Сопротивляться? А с какой бы стати?!

– Ведь вы обещаете, Сергей?

– Я постараюсь, – честно ответил поручик. – Но я очень постараюсь! Я сделаю все, что смогу, для спасения вашего брата, сударыня, – добавил он, подумав, что в самом деле совершит все возможное и невозможное ради того, чтобы добиться благосклонности этой прекрасной женщины.

– Сергей! – томным голосом произнесла актриса. – Я попрошу вас еще о двух одолжениях...

– Рад служить вам! – наклонил голову князь.

– Во-первых, вы тоже называйте меня просто Верой. Договорились? Вот и замечательно! А во-вторых... – она некоторое время молчала, а затем, вздохнув, продолжила: – Ах, эта проклятая война, будь она неладна! У меня есть личный оператор, он снимал три последних моих фильма. Владислав Юрьевич Дергунцов, вы, Сергей, возможно, видели Владислава на том приеме у графа Нащокина. Такой, с усиками. Он еще не отходил от меня. Я очень ценю этого человека, Сергей! Нет, нет, не как э-э... близкого друга, а как изумительного профессионала. Посмотрите: вон, над столиком мой фотопортрет. Это его работа. Превосходно, не правда ли?

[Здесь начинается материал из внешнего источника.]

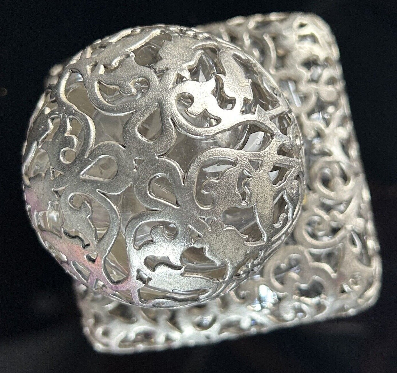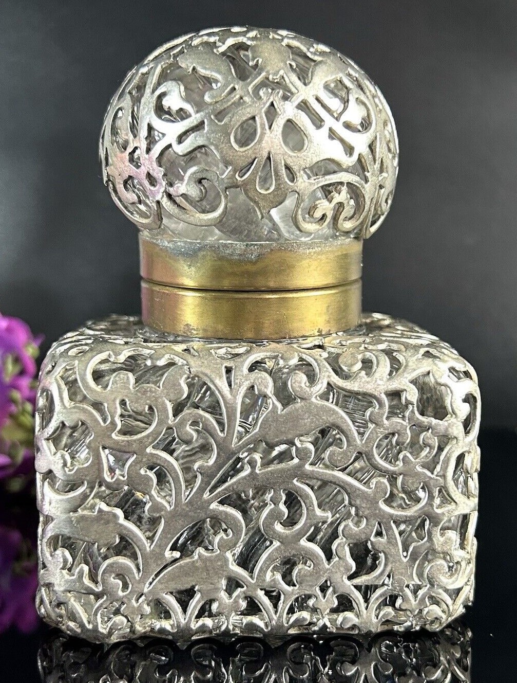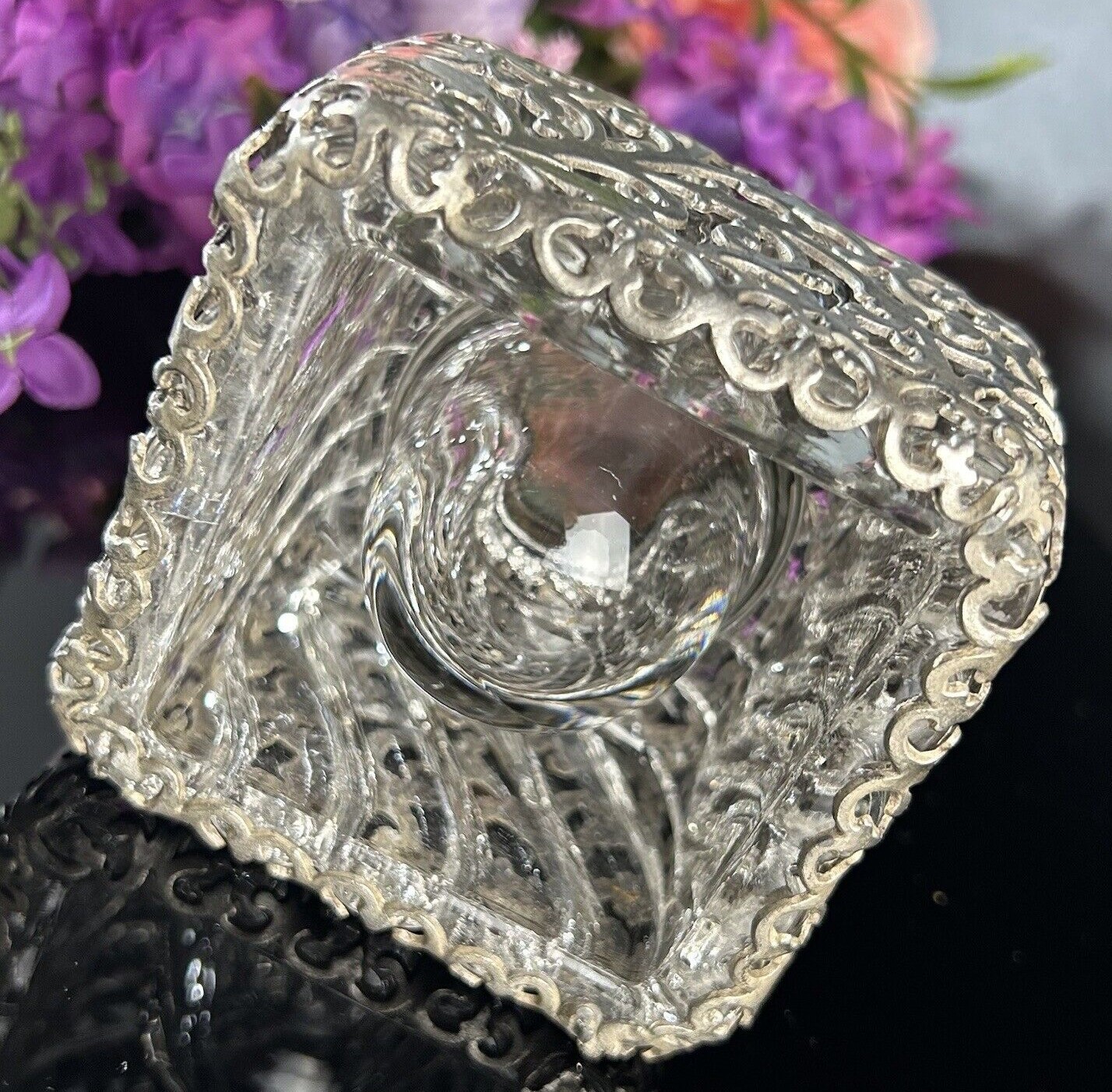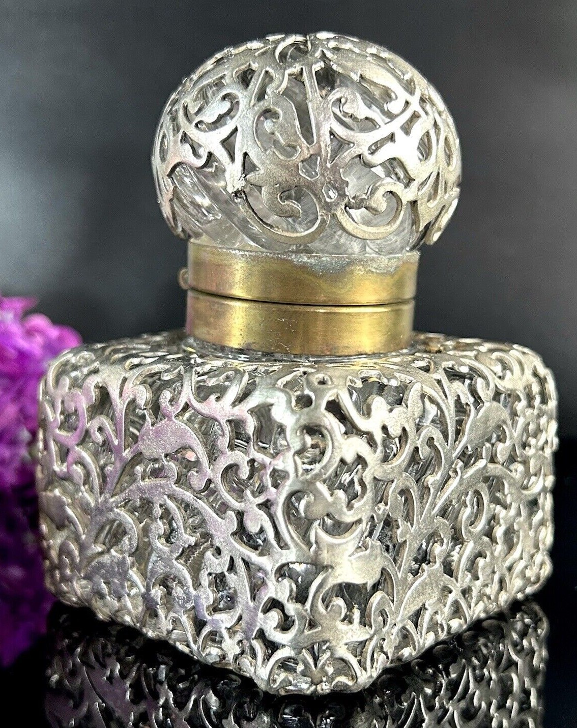 A large cut glass inkwell with a hinged lid encased with ornate metalwork.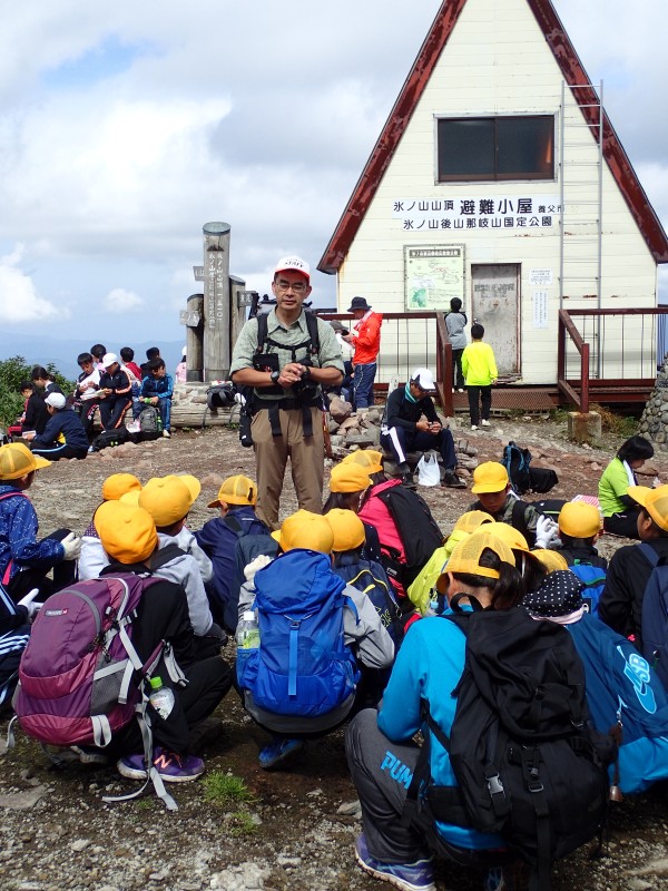 | 概要 | はじめに登山時の注意点を説明した後、登山を開始。30分毎に水分補給の休憩と3回の飴休憩、山頂ではお弁当を食べます。インタープリター(自然解説専門員)が氷ノ山の自然や歴史について説明します。打ち合わせを行い、学校での学習にあわせた内容を盛り込むなど、団体の要望に応じた解説を増やすことが可能です。片道4Kmを登りきると達成感や連帯感が生まれます。 |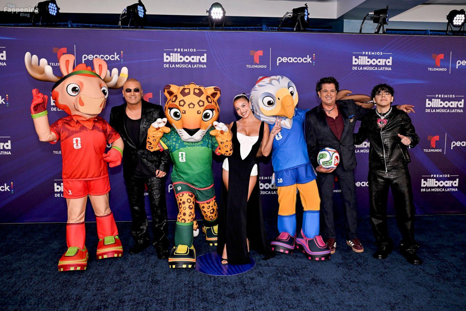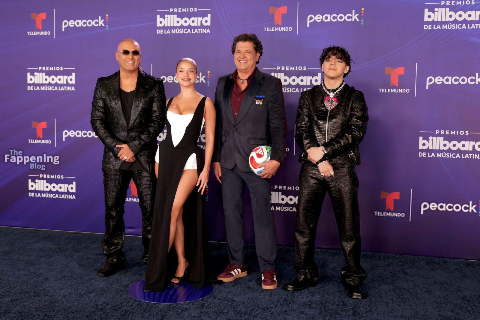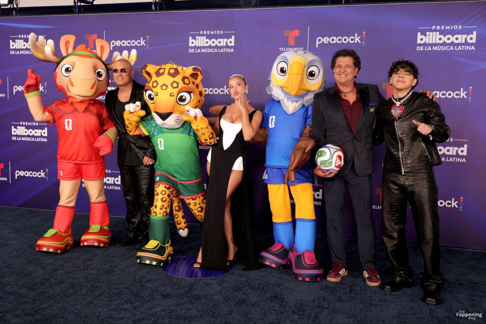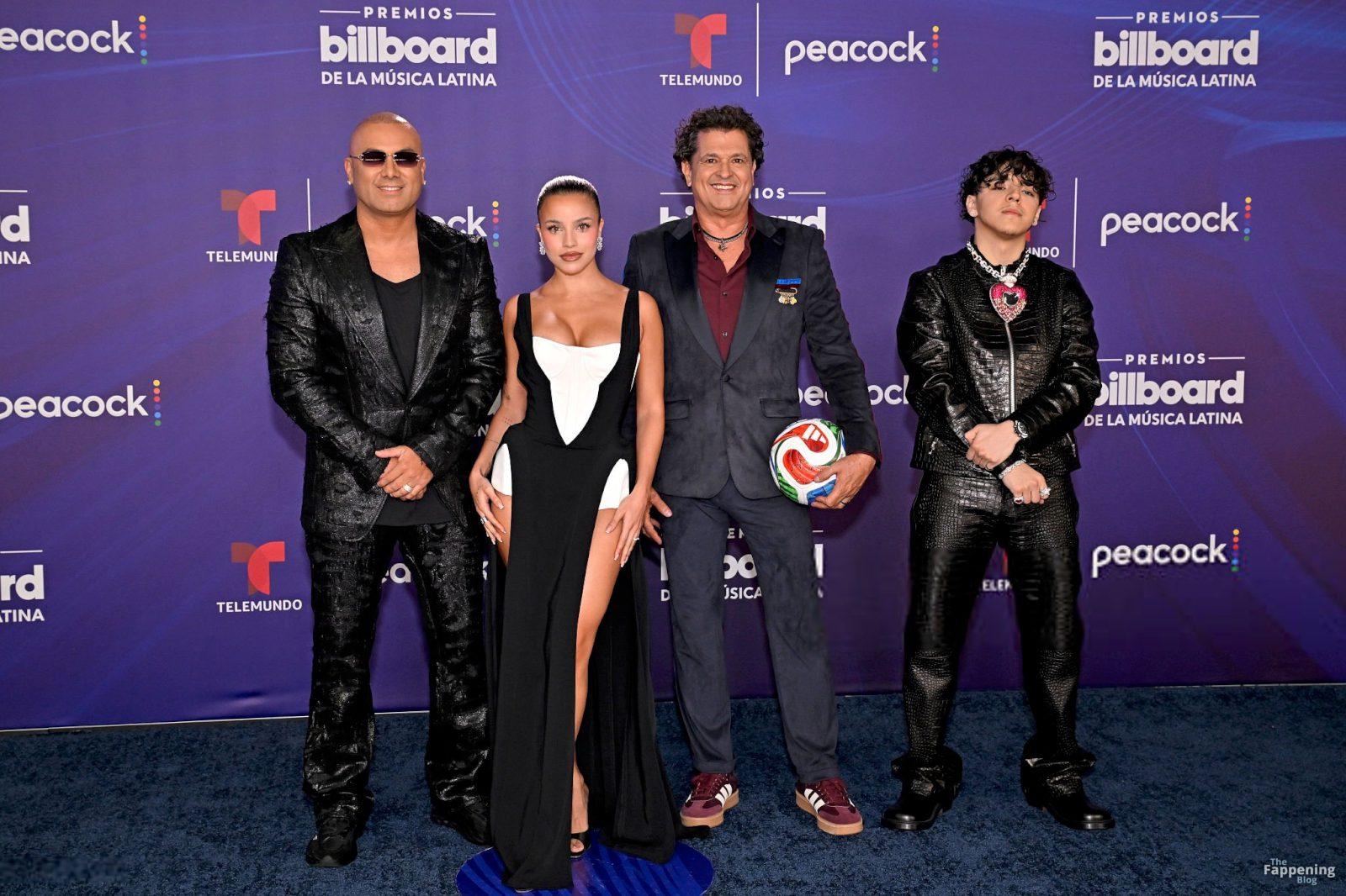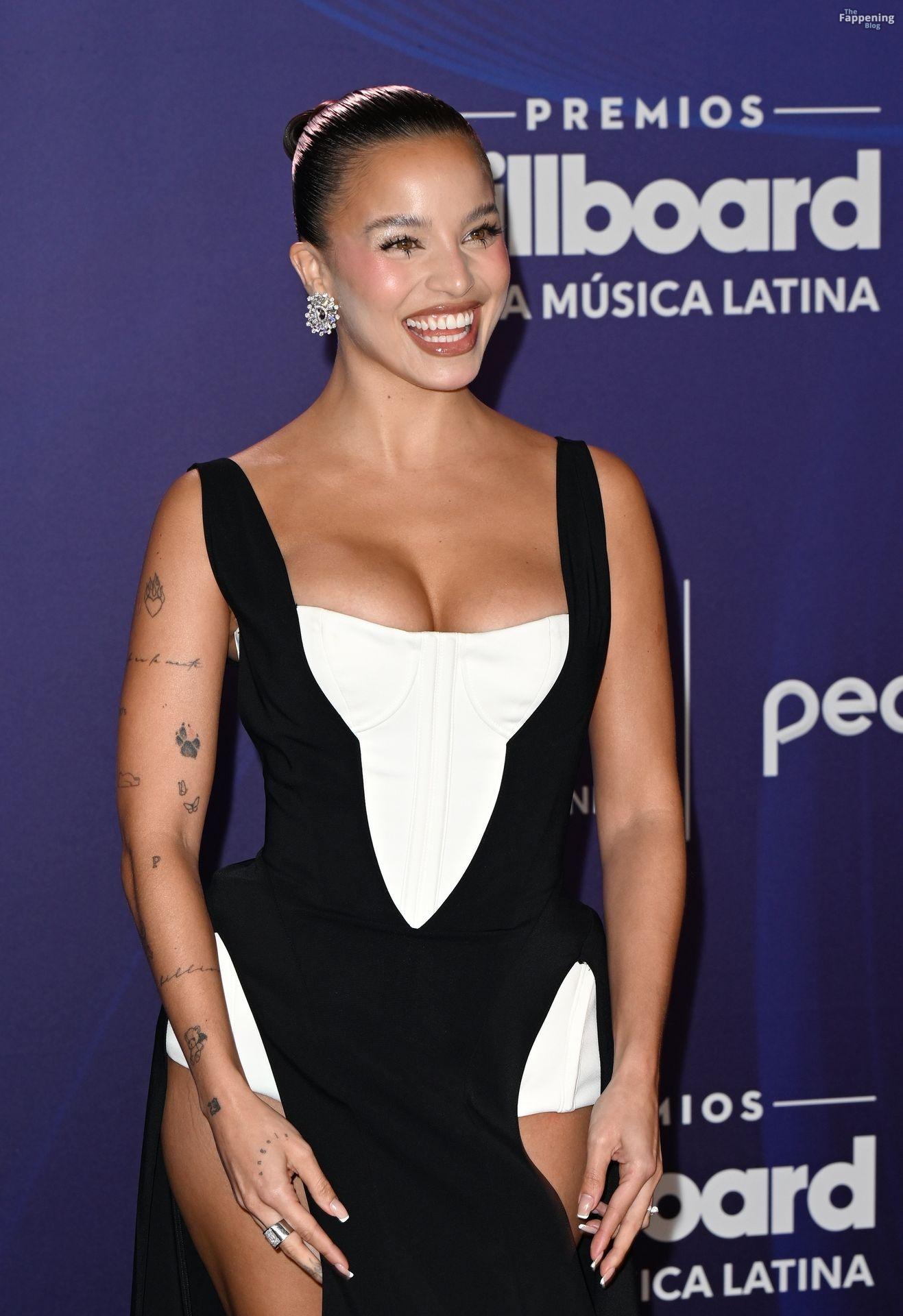 Emilia Mernes nahm an den Billboard Latin Music Awards 2025 in Miami teil und trug ein schwarz-weißes Kleid mit hohem Schlitz, das ihre großen Brüste und ihre straffen Beine zur Geltung brachte. Sie betrat den roten Teppich im James L. Knight Center.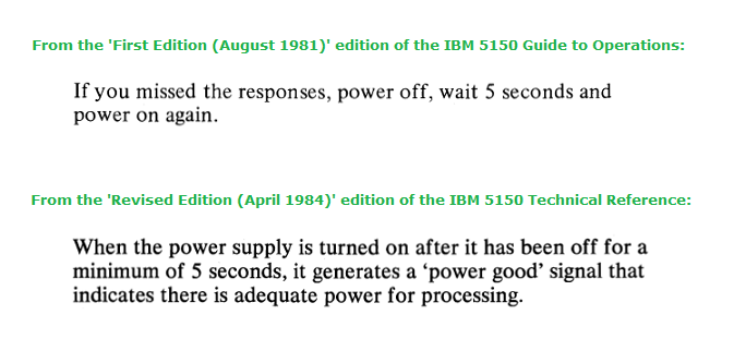 | • | After turning off the 5150's power supply, wait at least 5 seconds if you are planning to turn it back on. Any shorter; the 5150 may not start. See here. |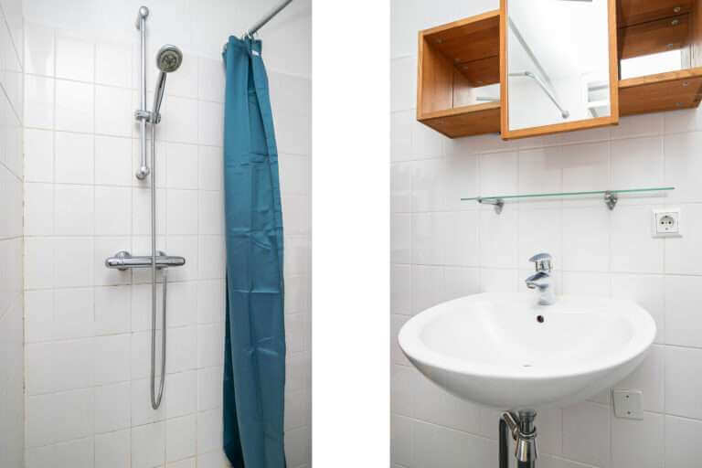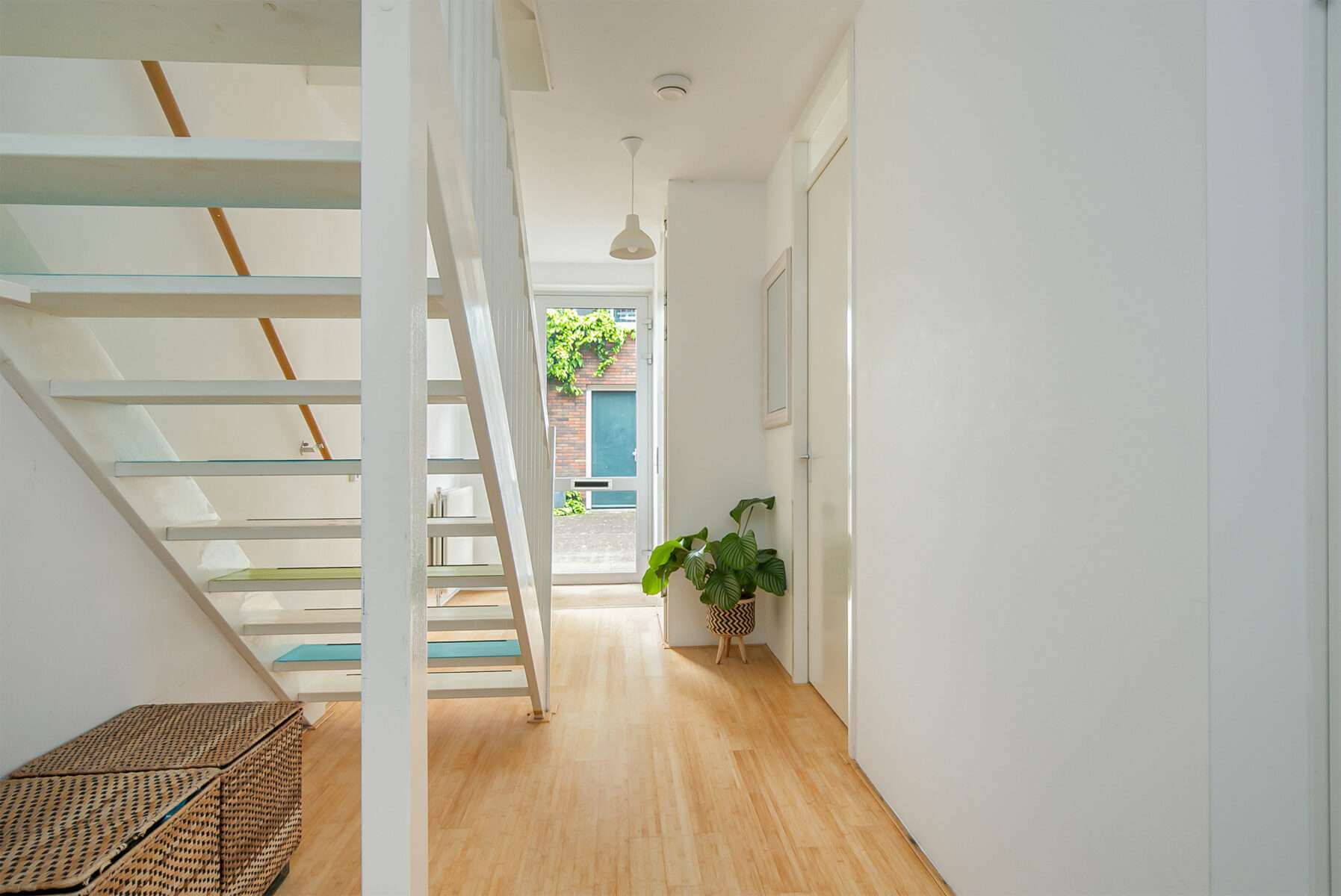Begane grond: eigen entree van de woning met toegang tot slaapkamer met openslaande deur. Badkamer met wastafel, douche en wasmachine. Vanuit de hal heeft u toegang tot de berging welke ook achterom te bereiken is.
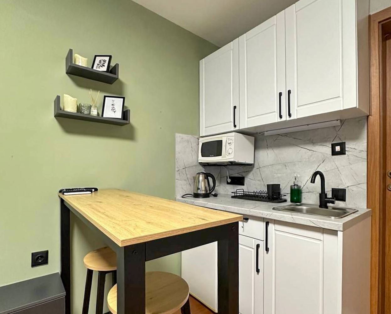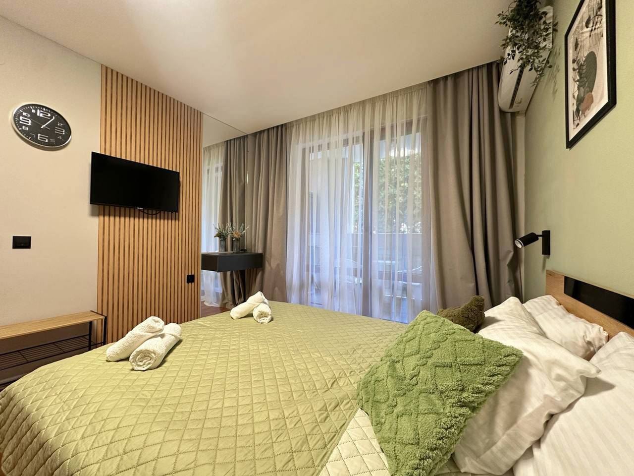Wir präsentieren ein stilvolles und funktionales Studio-Apartment mit einer Gesamtfläche von 34 m², gelegen im Erdgeschoss eines der luxuriösesten Komplexe in Sveti Vlas. Die Wohnung ist vollständig möbliert und bietet Gemütlichkeit und Komfort, kombiniert mit Blick auf grüne Flächen – der perfekte Ort für Entspannung und Erholung am Meer.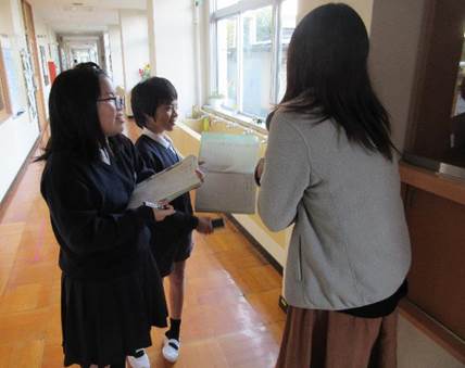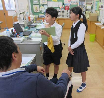 5年生が外国語活動の授業で「She can run fast.He can jump high.」の学習をしています。学習のまとめとして、先生方に「Can you ~?」とインタビューをして、先生方のできることを紹介する活動をします。休み時間に、ペアになった5年生が先生方にインタビューをしました。緊張しながらも、しっかりインタビューをがんばっていましたよ。

– О да! Но в жизни вы еще прекрасней, Вера! – пылко воскликнул Голицын.

Королева кино потупила глаза:

– В самом деле? – Вера Холодная не сомневалась в искренности восхищения князя, она себе цену знала. – Так вот, хорошего оператора нелегко найти, а такого, как Владислав, почти невозможно. И что же? Дергунцов мобилизован! Никак не удалось освободить его от этого... Будет фронтовым корреспондентом. Он меня просил... Словом, не могли бы вы поспособствовать, чтобы Владислав был направлен именно в Турцию. Он считает, что там безопасней всего...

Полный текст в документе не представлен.